Featured Article

Can social and e-commerce transform the future of the open web?

Automattic EC-1 Part 3: Acquisitions and future strategy

Comment

Image Credits: Nigel Sussman

Despite Automattic’s respected position, awareness of its myriad businesses tends to be spotty.

“I spend a lot of time with investors, press and research analysts, and I’m always stunned that people say, ‘We know WordPress.’ But they don’t know Woo,” says Mark Davies, Automattic’s chief financial officer, referring to the company’s WooCommerce subsidiary. “It’s always interesting when we say we’re doing $30 billion of payments volume through Woo and Automattic.”

Why should they care? For starters, WooCommerce is used by more sites than Shopify — which those same investors, press and analysts definitely know about.

It’s also the lifeline that Automattic needs this decade to rebuild the internet in an open direction. Sixteen years after its founding, the company has seen its valuation grow rapidly from $3 billion with a round led by Salesforce in 2019 to $7.5 billion with a share buyback a few months ago. That growth has been predicated on expanding beyond its traditional remit of publishing into the hugely lucrative terrain of e-commerce, as well as through its acquisition of Tumblr.

The strategy here is simple: Continue opening up larger swaths of the internet to open-source innovation outside of the walled-garden platforms developed by Amazon and Facebook. If Automattic’s strategy works out, Woo, Tumblr and WordPress will link to new services that nobody yet associates with Automattic.

It’s an audacious vision, but the company is setting itself up for a battle against some of the most formidable — and deeply pocketed — companies in the tech world.

From custom themes to billions in payments volume

WooCommerce logo. Image Credits: Wikimedia

WooCommerce began life as WooThemes, a small design firm that didn’t look very different from the many others that created WordPress themes. In 2011, the company expanded to build themes for online stores.

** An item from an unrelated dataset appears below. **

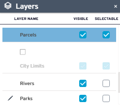 Open the Layers widget to make sure the Parcel layer is selectable on the map view:

“They’d spotted an opportunity where a lot of the themes they were selling were more commerce oriented, so they hired some guys they were incubating for a commerce platform, brought them into the team, and that quickly overtook the company for the lion’s share of attention,” says Paul Maiorana, the current CEO of WooCommerce, a subsidiary of Automattic.

Despite WooCommerce’s popularity (its plugin was among the top 10 most popular for WordPress), its success was mostly contained within the broader WordPress ecosystem. When Automattic acquired WooCommerce in 2015, the move went mostly unnoticed in the broader tech community.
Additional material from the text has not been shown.